The 26th pitch, climbed the day before, was the most difficult free climbing pitch on the route. Below the overhang, the thin crack gets greasy and loose; it’s overwhelming climbing at IX (5.12c) with just a little space and a little time for protecting. All the moves on this pitch were done free, but with rests. There was no time to try a redpoint attempt, but it would be possible. We did one more pitch and reached the high point of the South Koreans.
At this point it was already snowing hard and after two more pitches, the snowstorm became outrageous. The visibility lowered to eight or ten meters. We barely knew where to climb. A couple of meters of crawling in the snowy couloir took us to a rocky projection on the far south part of the west face. In the frozen snow, we dug a poor bivy site and spent one night—the longest one of all. It was snowing all the time but the next morning, the weather looked pretty stable.
It took us a short discussion to decide to continue. We started at about 5 a.m. With crampons on, we traversed a bit to the right and climbed up a long snowfield on the south side of the summit pyramid in 300 meters of mixed climbing. The gradient of the wall was up to 70 degrees. We didn’t use a single ice screw on this section. We reached the top on July 12 at 1 p.m. just between two snowstorms. There was unpleasant electrical tension up on a snowy bulge, which is actually the summit. Because of a poorly functioning altimeter, we did not get an accurate height.
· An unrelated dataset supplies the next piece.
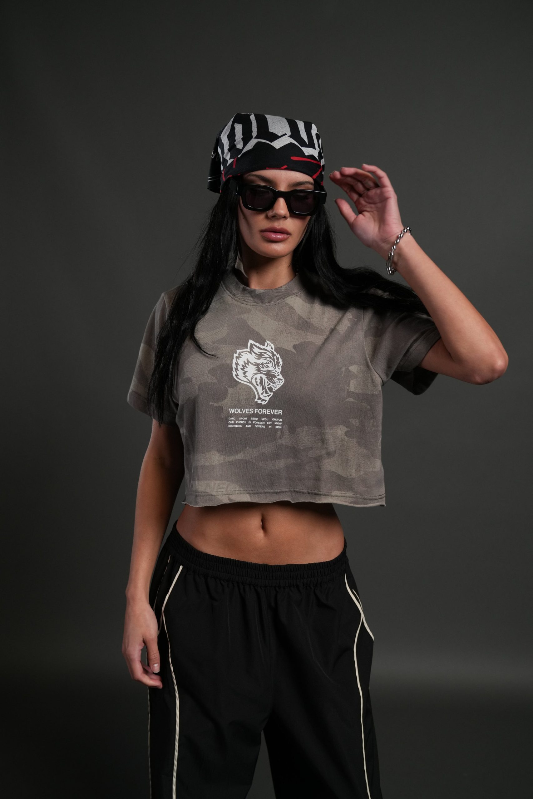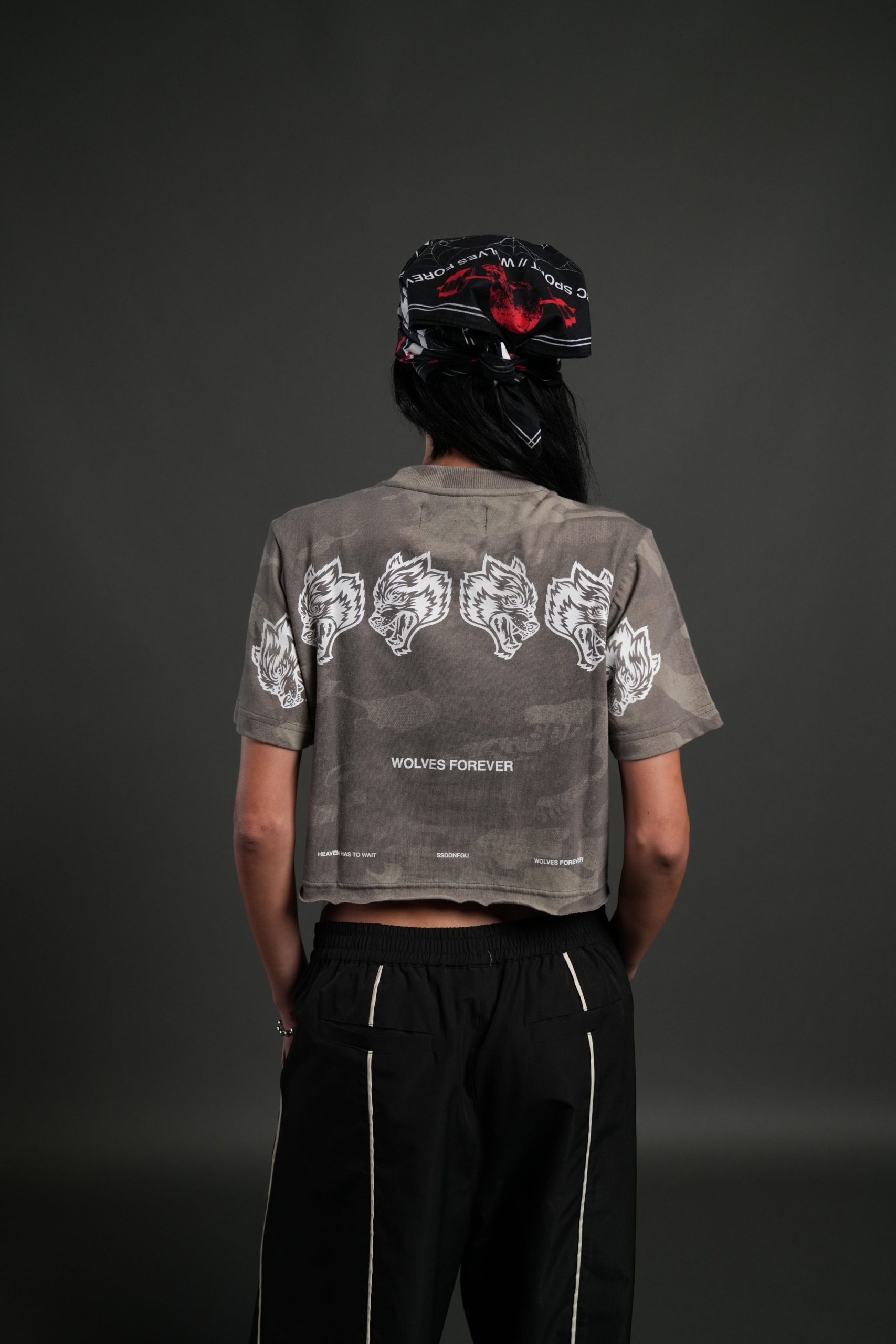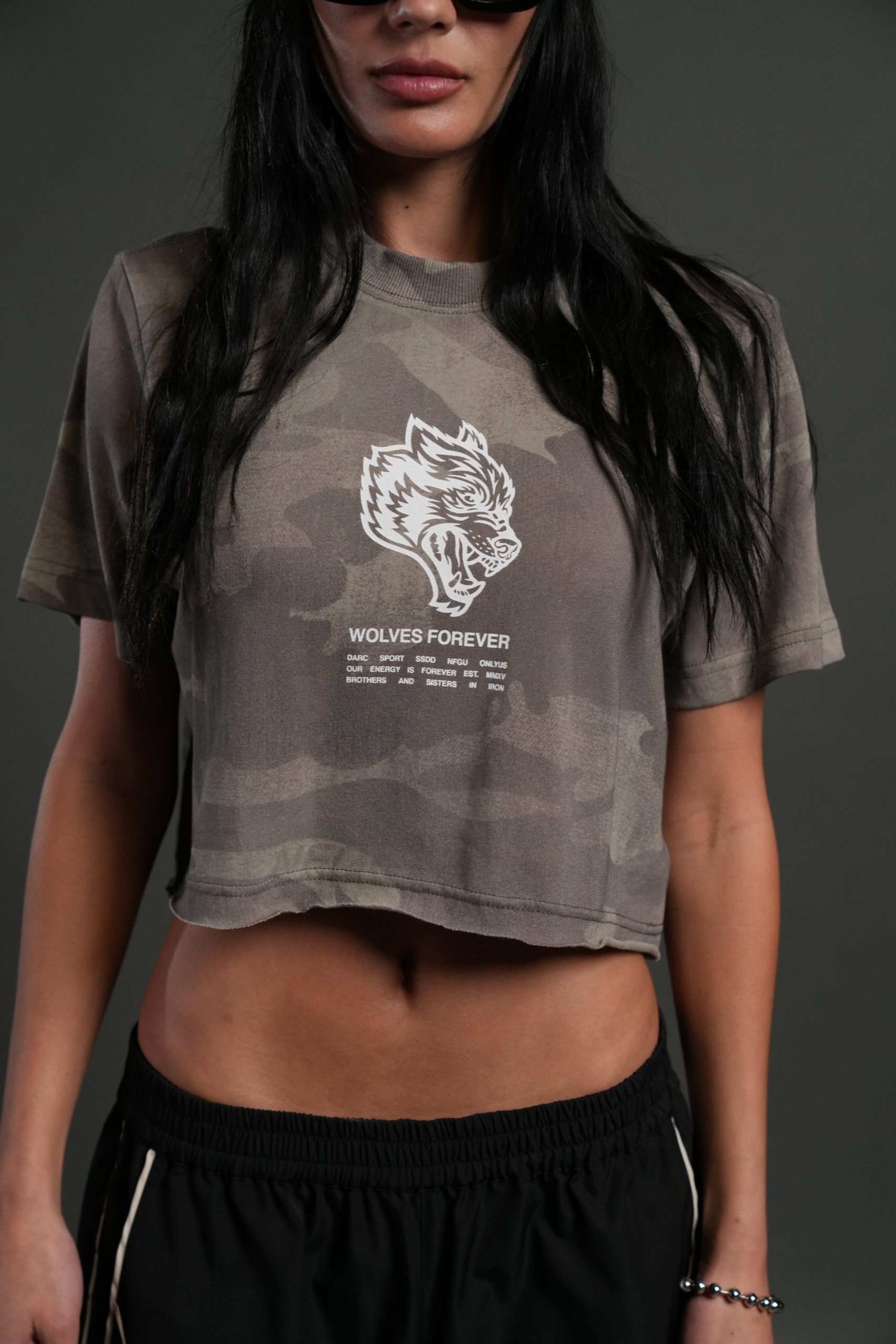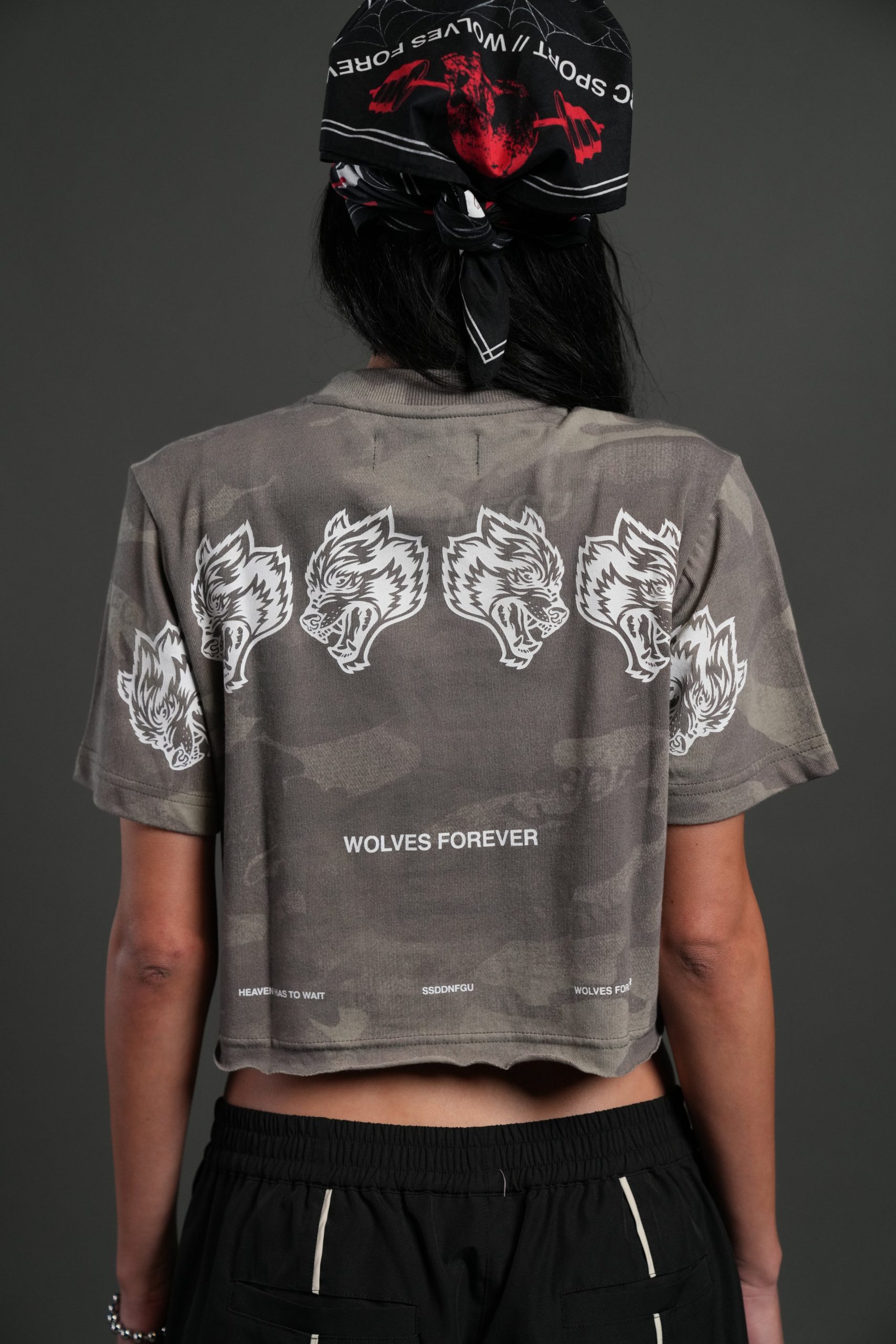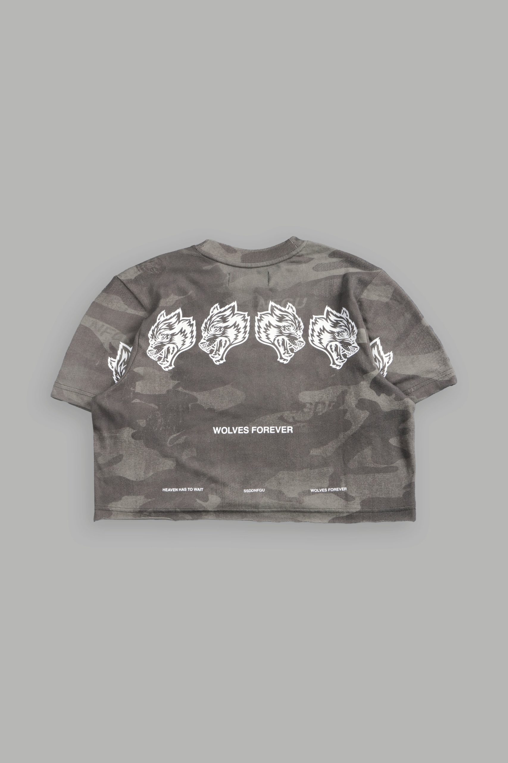 Wolves Have Your Back Premium Oversized Cropped Tee in Lush Vintage Woodland Camo

The visibility was pretty low, but it was clear that this bulge is the true summit. From the rocky outcrop, which is about 20 meters beneath the top, we rappelled down to the saddle from where we had started our push for the top that day. It took four 50- meter pitches to reach the traverse.
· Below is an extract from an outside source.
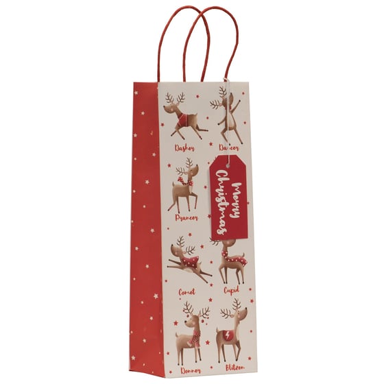 Give your loved ones their Christmas presents in a beautifully illustrated bottle bag. Gift giving can often be the most heartwarming part of the Christmas season, so show them just how much you care by presenting them with this bottle bag holding all of their gifts. Made from long-lasting high-quality materials, you won't need to worry about using plastic bags which are bad for the environment. Instead, you can be happy in the knowledge that not only care has gone into the presents themselves, but also that care has been put into the making of this bottle bag. An accompanying gift tag delightfully compliments the design of the bottle bag, so that you can write a heartfelt little note to go alongside the presents within.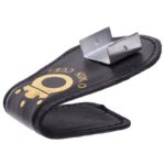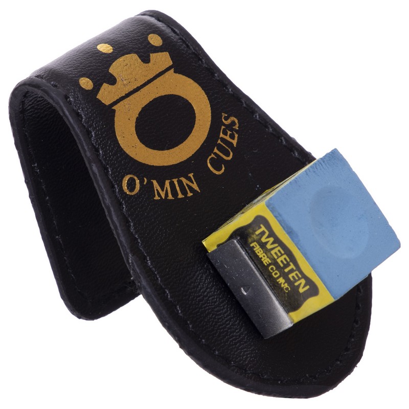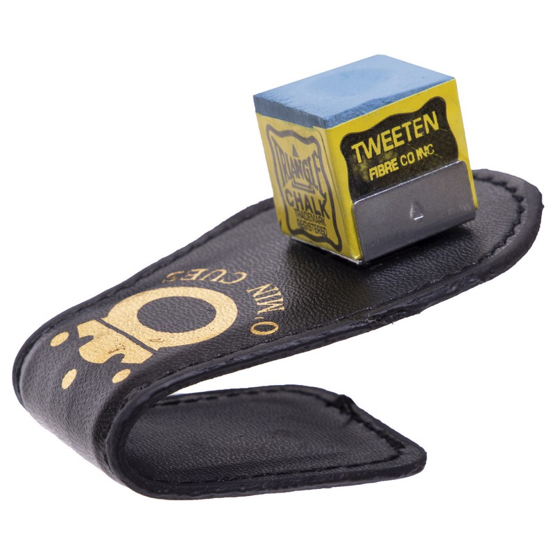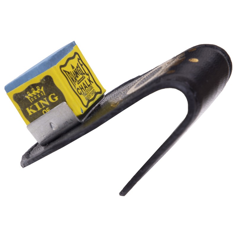 Держатель состоит из клипсы и металлической скобы. Металлическая скоба фиксируется на кубике мела, а клипса — на поясе. Крепление на пояс является одним из лучших вариантов. Изделие можно разместить в удобном месте, а благодаря компактному размеру оно не будет мешать во время игры. Крепление на пояс изготовлено из натуральной кожи. Прочная конструкция надёжно держится на поясе. Внутри располагается магнит, к которому металлическая скоба хорошо притягивается. Размер скобы учитывает стандартный размер мела для бильярда.

On the descent, there were a couple of tough moments (we left two 9mm ropes on pitch 29 because they got stuck), but at the end of the summit day we reached the camp at the broken portaledge. It was still snowing. The following day, the 13th of the climb, we rappelled down on the frozen fixed ropes. With the heavy pigs on the rope, it was more than an adventurous performance. During the descent, one of the Spanish climbers looked out of the portledge. It was Pep Masip. He was asking me something. I shouted “yes” to him, as I thought he was asking me if we had reached the top. Later on, I realized that he asked me if we were retreating as well. Anyway, we survived even this descent down the west face. Back on the ground, we named the route Czech Express (9 A3 70°).